*** Records provided ***

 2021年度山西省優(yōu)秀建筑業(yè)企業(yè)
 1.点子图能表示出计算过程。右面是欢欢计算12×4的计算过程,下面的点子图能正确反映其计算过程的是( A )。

*** End of Records provided ***
*** Records provided ***

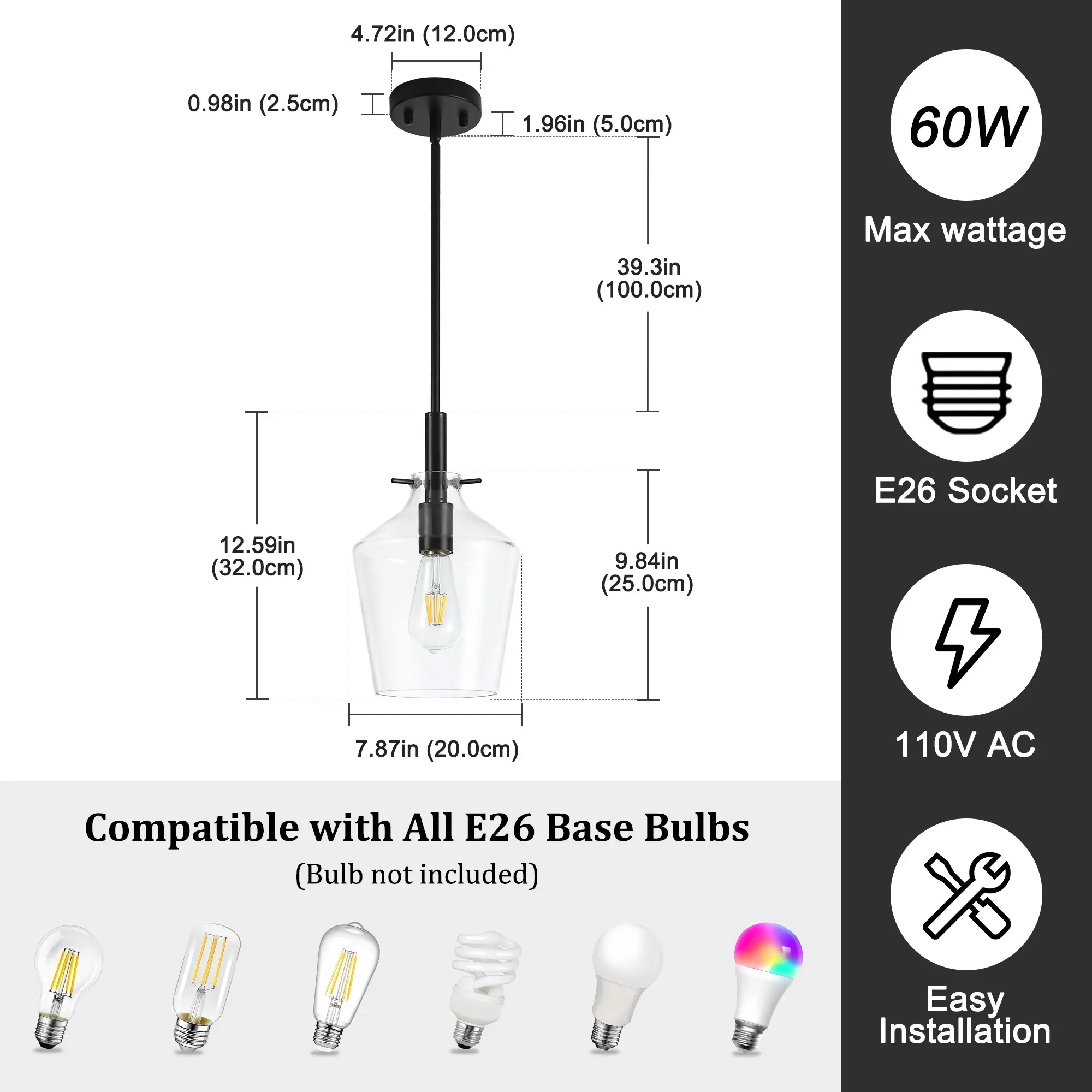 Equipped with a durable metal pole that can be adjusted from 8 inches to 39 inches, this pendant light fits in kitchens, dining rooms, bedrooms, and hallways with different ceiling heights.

*** End of Records provided ***

* [What is needed]: All that should be written out is the stretch of lines above between the one holding "2021年度山西省優(yōu)秀建筑業(yè)企業(yè)" and the one holding "1.点子图能表示出计算过程。右面是欢欢计算12×4的计算过程,下面的点子图能正确反映其计算过程的是( A )。", inclusive, exactly as given.

* [Result]:
 2021年度山西省優(yōu)秀建筑業(yè)企業(yè)
 1.点子图能表示出计算过程。右面是欢欢计算12×4的计算过程,下面的点子图能正确反映其计算过程的是( A )。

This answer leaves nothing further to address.